Rapidly operationalize customer sales engagement

“We accomplished a year’s worth of work in three-months time.” —Senior Director, Customer Experience Centers

Shortly after acquisition, a Silicon-valley software company was given a clear directive: grow sales—fast. Much of the burden fell to a sales support team that engages customers through identifying key issues and co-creating roadmaps for solving them in a highly-customized workshop setting. These human-centered CXCs (short for customer experience centers) had a promising record—consistently shortening the sales cycle and increasing the value of the sale by up to 30%.

The challenge was to quickly operationalize the CXC program within the company, integrate it into the acquiring company’s Sales Operations and grow from delivering 30 CXCs/year to 180/year with a small CXC team who had been working together for less than a year.

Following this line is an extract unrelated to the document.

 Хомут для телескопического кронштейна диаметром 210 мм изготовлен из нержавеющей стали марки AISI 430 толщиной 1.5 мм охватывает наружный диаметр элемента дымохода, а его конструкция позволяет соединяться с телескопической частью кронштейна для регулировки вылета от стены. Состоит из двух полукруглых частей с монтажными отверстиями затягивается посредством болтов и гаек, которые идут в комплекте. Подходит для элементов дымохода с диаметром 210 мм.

With time short, we launched several work streams simultaneously. First, we focused on defining, refining, and documenting our client’s high-touch approach into a streamlined, scalable process. We also began crafting an engagement strategy and communications tools to build awareness and drive demand for the service. This included developing a strategy for integrating CXCs into the mother company and leveraging its global reach. Finally, we developed on-boarding materials, reporting tools, and a metrics-based approach to evaluating and prioritizing CXC candidates.

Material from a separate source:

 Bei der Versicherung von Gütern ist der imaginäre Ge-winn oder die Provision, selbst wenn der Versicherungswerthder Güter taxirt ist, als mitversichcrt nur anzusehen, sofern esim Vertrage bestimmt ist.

At the end of three months, the team delivered:

  • Complete process documentation (including roles and responsibilities)
  • A detailed CXC process map (and accompanying simplified customer-facing version)
  • A CXC playbook describing the approach, methods, benefits, and SLAs involved in delivering CXCs
  • An introduction to the CXC presentation and engagement plan to build awareness and drive demand for CXCs among the sales teams
  • A reporting dashboard and metrics-based evaluation tool to review and prioritize CXC opportunities
  • A model for enabling adoption at global CXCs. (including model for building capacity)

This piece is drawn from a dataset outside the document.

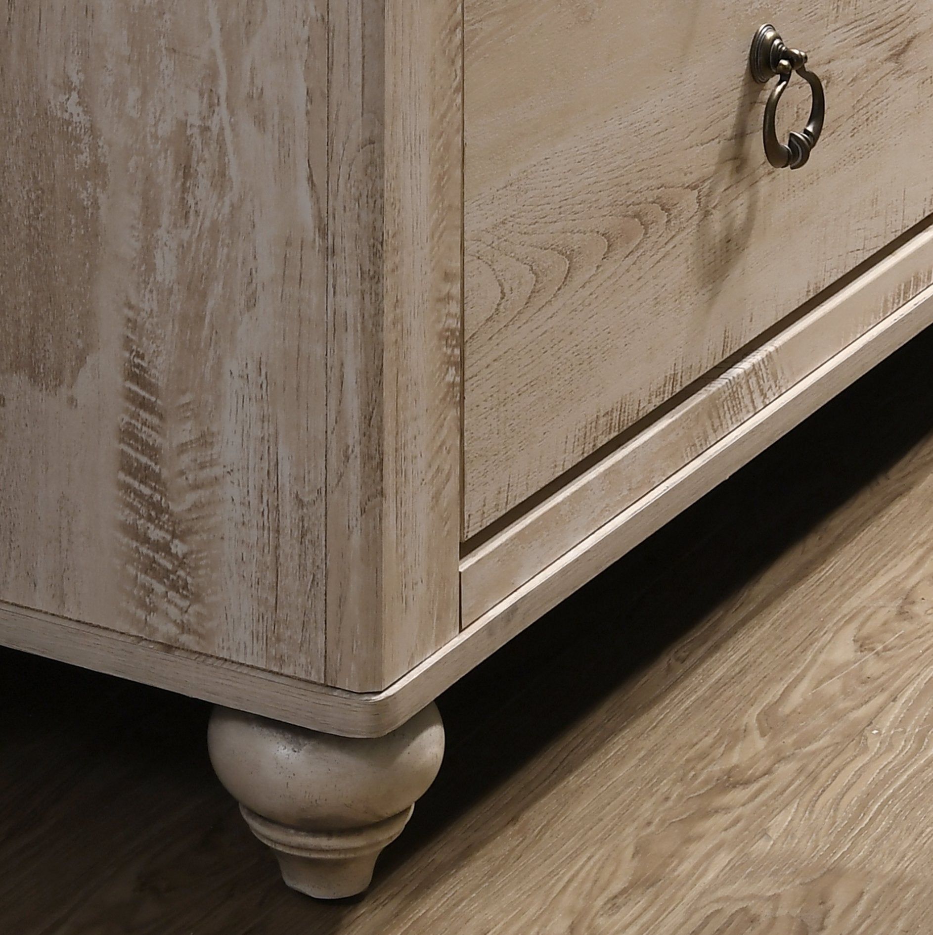- Rustic, urban chic style dresser with white wash finish, contrasting with the delicate metal ring and nob handles

The project was not without challenges. Deadline pressures, shifting priorities, lack of clearly defined roles and different working styles created an environment in which alignment and trust were not well-established. To compensate, Territory worked onsite in highly-focused, sprint-like workshops to gather information, gain consensus and quickly validate assumptions. Work-in-progress was kept visible on the walls in “war room” fashion and available for easy review. Additionally, deliverables in development were also accessible through an online progress dashboard. Weekly all-team reviews kept the team aware of progress, but required individual initiative to ensure in-depth reviews.

Despite the pressure and ambiguity, the team forged ahead successfully. By the end of the engagement, the CXC team had already increased the volume of the CXC pipeline by 400% and were well on their way to meeting their global target.